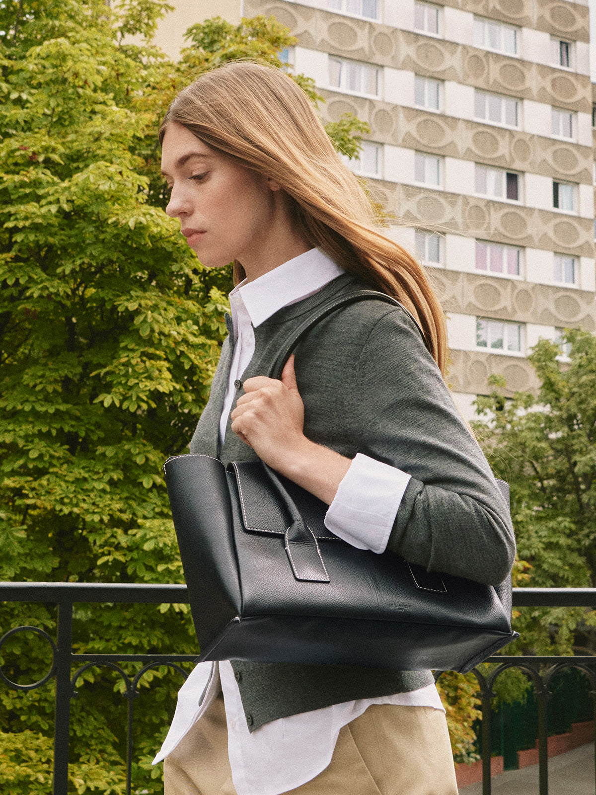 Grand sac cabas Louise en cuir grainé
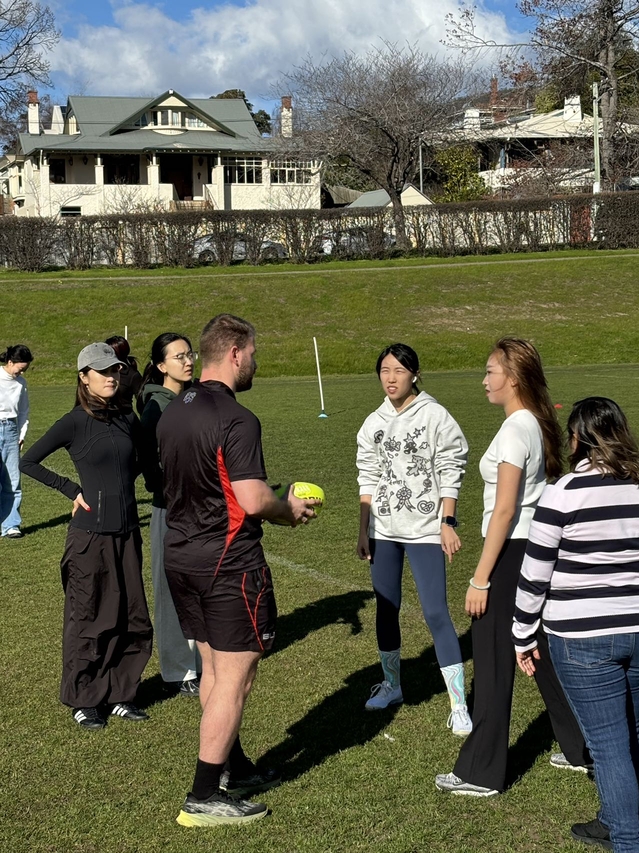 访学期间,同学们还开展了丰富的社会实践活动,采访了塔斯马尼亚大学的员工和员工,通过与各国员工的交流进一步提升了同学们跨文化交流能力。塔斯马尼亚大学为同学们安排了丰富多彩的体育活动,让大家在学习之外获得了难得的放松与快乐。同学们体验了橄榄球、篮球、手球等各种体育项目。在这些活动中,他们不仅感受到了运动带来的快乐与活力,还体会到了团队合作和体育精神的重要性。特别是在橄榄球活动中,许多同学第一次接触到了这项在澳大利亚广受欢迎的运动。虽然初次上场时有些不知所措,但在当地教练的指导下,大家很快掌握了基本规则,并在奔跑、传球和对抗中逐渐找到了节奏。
•••
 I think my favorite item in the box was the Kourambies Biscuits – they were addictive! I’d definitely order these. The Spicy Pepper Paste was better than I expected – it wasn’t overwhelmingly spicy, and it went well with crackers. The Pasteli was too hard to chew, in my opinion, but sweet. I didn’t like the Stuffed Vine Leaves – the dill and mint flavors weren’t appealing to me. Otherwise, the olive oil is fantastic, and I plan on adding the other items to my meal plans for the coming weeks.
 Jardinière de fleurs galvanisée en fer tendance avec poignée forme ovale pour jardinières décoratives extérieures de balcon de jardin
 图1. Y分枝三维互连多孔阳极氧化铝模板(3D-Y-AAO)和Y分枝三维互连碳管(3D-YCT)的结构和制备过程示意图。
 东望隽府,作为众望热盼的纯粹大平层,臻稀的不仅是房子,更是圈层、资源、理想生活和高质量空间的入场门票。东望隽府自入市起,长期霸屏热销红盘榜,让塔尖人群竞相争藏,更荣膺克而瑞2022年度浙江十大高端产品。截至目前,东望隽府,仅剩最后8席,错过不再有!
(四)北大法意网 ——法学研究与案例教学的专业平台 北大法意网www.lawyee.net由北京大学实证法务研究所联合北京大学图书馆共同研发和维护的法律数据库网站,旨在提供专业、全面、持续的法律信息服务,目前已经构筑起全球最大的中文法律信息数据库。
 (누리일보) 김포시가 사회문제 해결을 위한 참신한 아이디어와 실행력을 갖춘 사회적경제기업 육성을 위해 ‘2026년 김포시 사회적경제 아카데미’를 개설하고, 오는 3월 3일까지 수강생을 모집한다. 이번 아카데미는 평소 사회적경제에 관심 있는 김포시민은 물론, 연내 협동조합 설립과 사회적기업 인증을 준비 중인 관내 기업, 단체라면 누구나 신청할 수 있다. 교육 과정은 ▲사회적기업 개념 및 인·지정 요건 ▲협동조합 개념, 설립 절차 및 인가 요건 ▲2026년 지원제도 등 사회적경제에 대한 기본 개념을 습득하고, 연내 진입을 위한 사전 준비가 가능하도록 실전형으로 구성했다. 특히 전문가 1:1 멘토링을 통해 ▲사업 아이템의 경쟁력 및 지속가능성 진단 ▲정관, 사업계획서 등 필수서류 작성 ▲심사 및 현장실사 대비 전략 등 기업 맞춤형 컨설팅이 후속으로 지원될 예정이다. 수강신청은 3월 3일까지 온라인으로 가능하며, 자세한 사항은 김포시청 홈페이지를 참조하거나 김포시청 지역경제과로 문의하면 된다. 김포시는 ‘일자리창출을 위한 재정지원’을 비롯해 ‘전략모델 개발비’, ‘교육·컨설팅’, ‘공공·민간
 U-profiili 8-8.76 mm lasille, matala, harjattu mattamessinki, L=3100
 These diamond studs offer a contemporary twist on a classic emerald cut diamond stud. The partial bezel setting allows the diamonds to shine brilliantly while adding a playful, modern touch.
•••
Required action: Using the listing above, pick out each line that contains the word "adding", then copy it.

Reply to the exercise:
 I think my favorite item in the box was the Kourambies Biscuits – they were addictive! I’d definitely order these. The Spicy Pepper Paste was better than I expected – it wasn’t overwhelmingly spicy, and it went well with crackers. The Pasteli was too hard to chew, in my opinion, but sweet. I didn’t like the Stuffed Vine Leaves – the dill and mint flavors weren’t appealing to me. Otherwise, the olive oil is fantastic, and I plan on adding the other items to my meal plans for the coming weeks.
 These diamond studs offer a contemporary twist on a classic emerald cut diamond stud. The partial bezel setting allows the diamonds to shine brilliantly while adding a playful, modern touch.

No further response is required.